Northwestern Bank v. NCF Financial Corp.

365 S.E.2d 14, 88 N.C. App. 614, 1988 N.C. App. LEXIS 216
CourtCourt of Appeals of North Carolina
DecidedFebruary 16, 1988
Docket8723SC576
StatusPublished
Cited by4 cases

This text of 365 S.E.2d 14 (Northwestern Bank v. NCF Financial Corp.) is published on Counsel Stack Legal Research, covering Court of Appeals of North Carolina primary law. Counsel Stack provides free access to over 12 million legal documents including statutes, case law, regulations, and constitutions.

Bluebook
Northwestern Bank v. NCF Financial Corp., 365 S.E.2d 14, 88 N.C. App. 614, 1988 N.C. App. LEXIS 216 (N.C. Ct. App. 1988).

Opinion

GREENE, Judge.

This is a civil action to recover on an irrevocable letter of credit held by plaintiff Northwestern Bank (hereinafter “Northwestern”). Defendant NCF Financial Corporation (formerly known as Carolina Fincorp, Inc., and hereinafter “NCF”) issued the letter of credit but has refused to pay plaintiff. Plaintiff brought this suit to obtain payment under the letter of credit. The jury found in favor of plaintiff and the trial court entered judgment in the amount of $250,000 plus interest. Defendant appeals.

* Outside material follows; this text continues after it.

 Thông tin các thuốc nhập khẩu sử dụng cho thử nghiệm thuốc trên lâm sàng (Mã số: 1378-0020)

In March or April 1984, Lynn Sheppard and her husband met with Guy Cline, a Northwestern loan officer, seeking a personal loan for the purpose of beginning operation of a dye processing plant, Val-Dye, Inc. The Sheppards requested a loan of $250,000, and proposed using a letter of credit to be issued by NCF as collateral for the loan. At the time of the request, Mrs. Sheppard was employed as an assistant secretary and administrative assistant for North Carolina Federal Savings and Loan Association (hereinafter “Federal”). NCF is a wholly owned subsidiary of Federal. Mrs. Sheppard mailed a draft of the proposed letter of credit to Northwestern so it could review the letter to determine if it complied with Northwestern’s requirements. This draft contained a signature line for Herman Parnell, vice president of NCF.

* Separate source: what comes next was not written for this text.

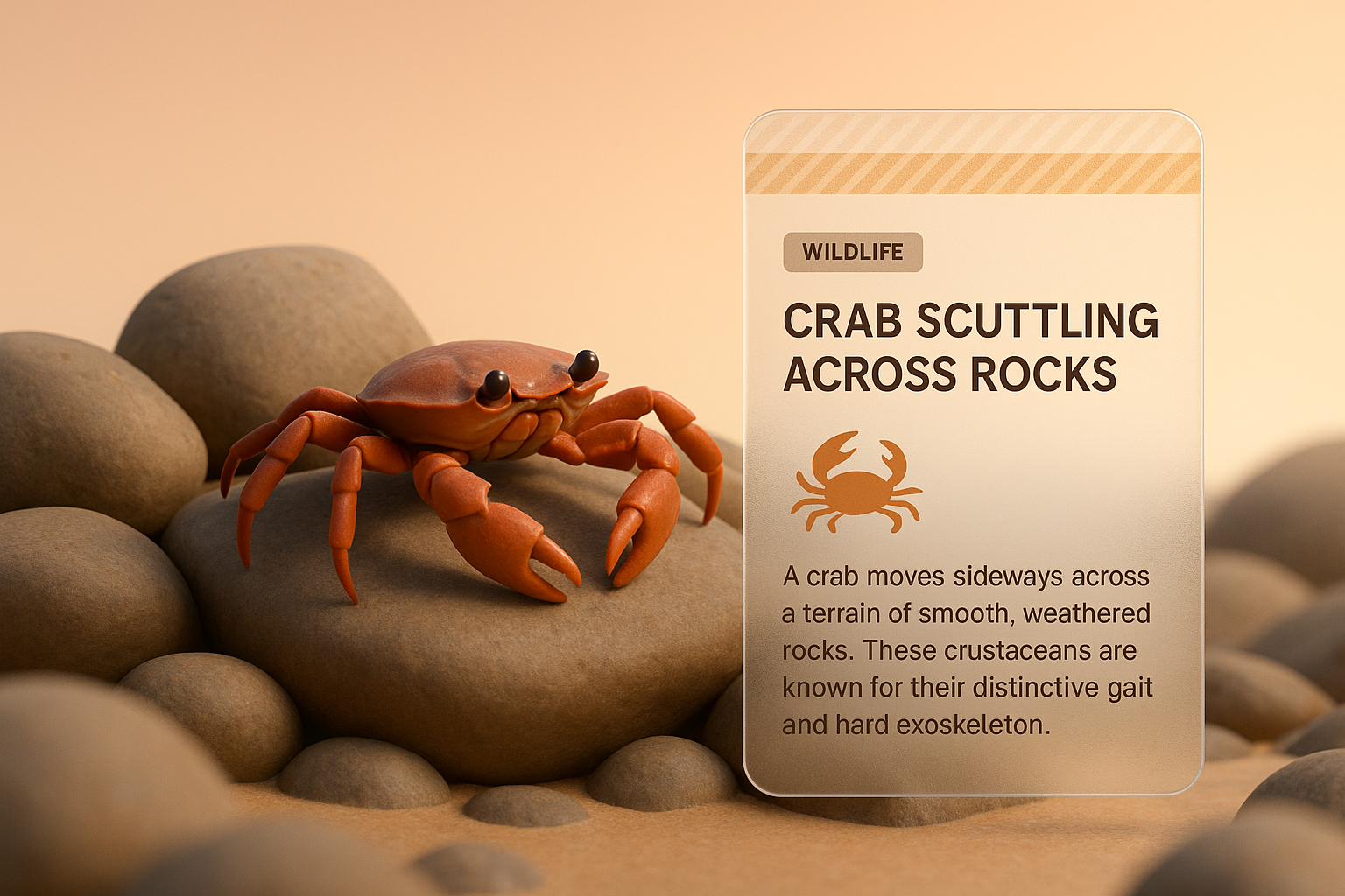 /Collection: /by davooda/Type: PNG/A detailed 3D illustration of a crab moving sideways across smooth, textured rocks. The design features a transparent information block with a title and additional graphics, enhancing the natural setting.
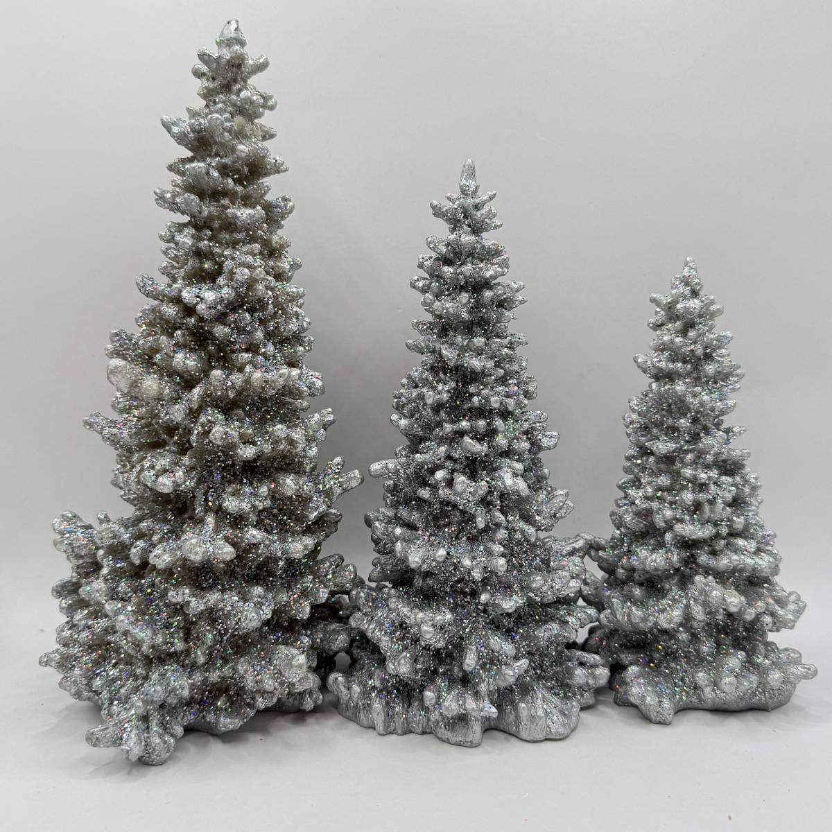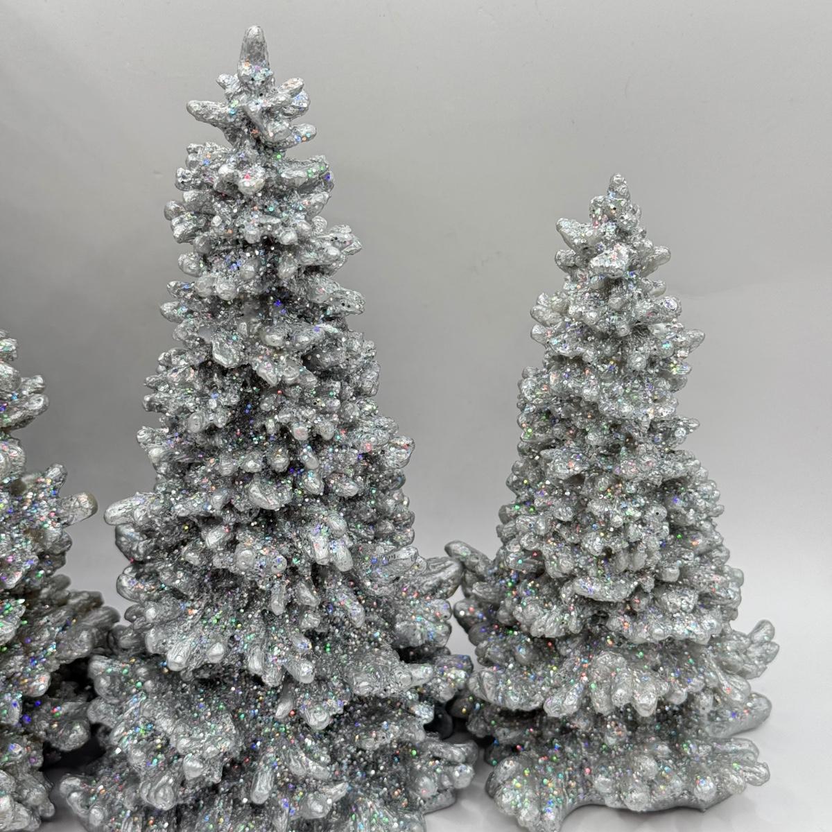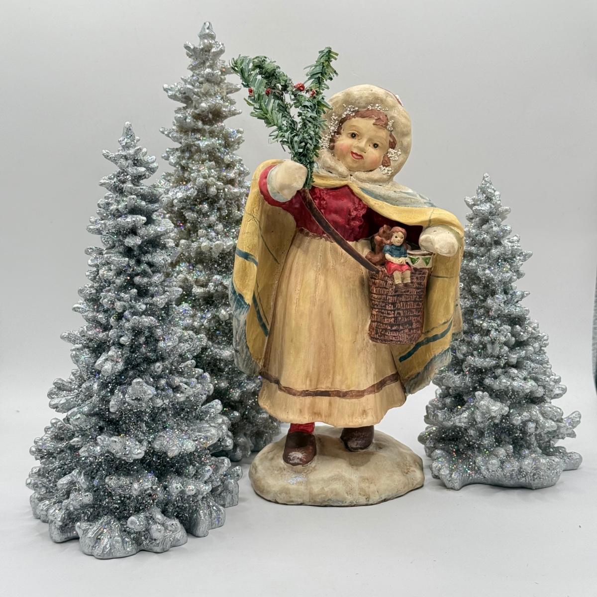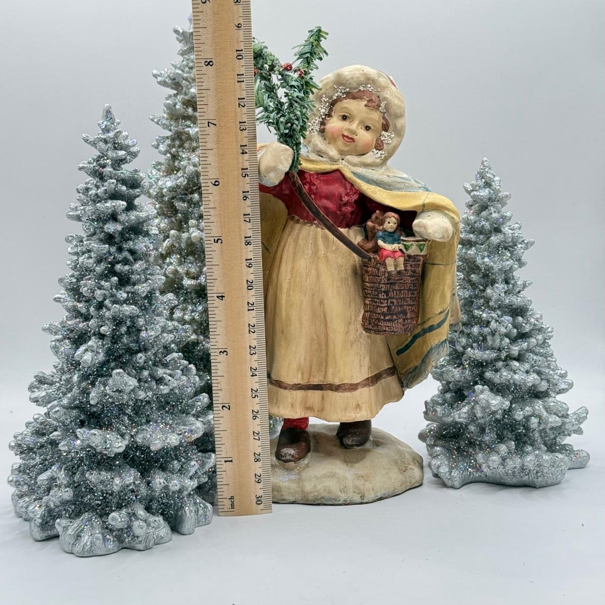 LOT 192L: Department 56 Christmas: Set of 3 Glitter Trees & Child Figurine

Northwestern reviewed the draft and made revisions to the letter so that it would meet their requirements. Northwestern also investigated NCF’s authority to issue letters of credit. After determining that NCF could issue letters of credit, Cline telephoned Parnell and informed him of the revisions required by Northwestern. Northwestern inquired as to whether Parnell had the authority to issue letters of credit for NCF and was assured by Parnell that he did.

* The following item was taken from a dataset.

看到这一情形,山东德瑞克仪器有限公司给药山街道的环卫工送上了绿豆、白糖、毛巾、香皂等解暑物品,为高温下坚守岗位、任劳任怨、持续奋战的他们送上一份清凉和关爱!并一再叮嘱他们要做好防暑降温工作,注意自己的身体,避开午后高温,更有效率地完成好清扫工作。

*616 In mid-April 1984, Cline received the revised letter of credit issued by NCF. The letter authorized draws of up to an aggregate amount of $250,000 for the account of the Sheppards and/or Val-Dye, Inc., and was signed by Parnell as vice president of NCF. Northwestern investigated the Sheppards’ credit history and approved the loan, relying on the letter of credit as collateral. The Sheppards executed a note for $250,000, a credit agreement, and a security agreement in favor of Northwestern, all of which were dated 1 May 1984. The letter of credit provided that “drafts are to be accompanied by your certified statement that the loan is in default and past due.” By 5 June 1984, the loan was fully funded.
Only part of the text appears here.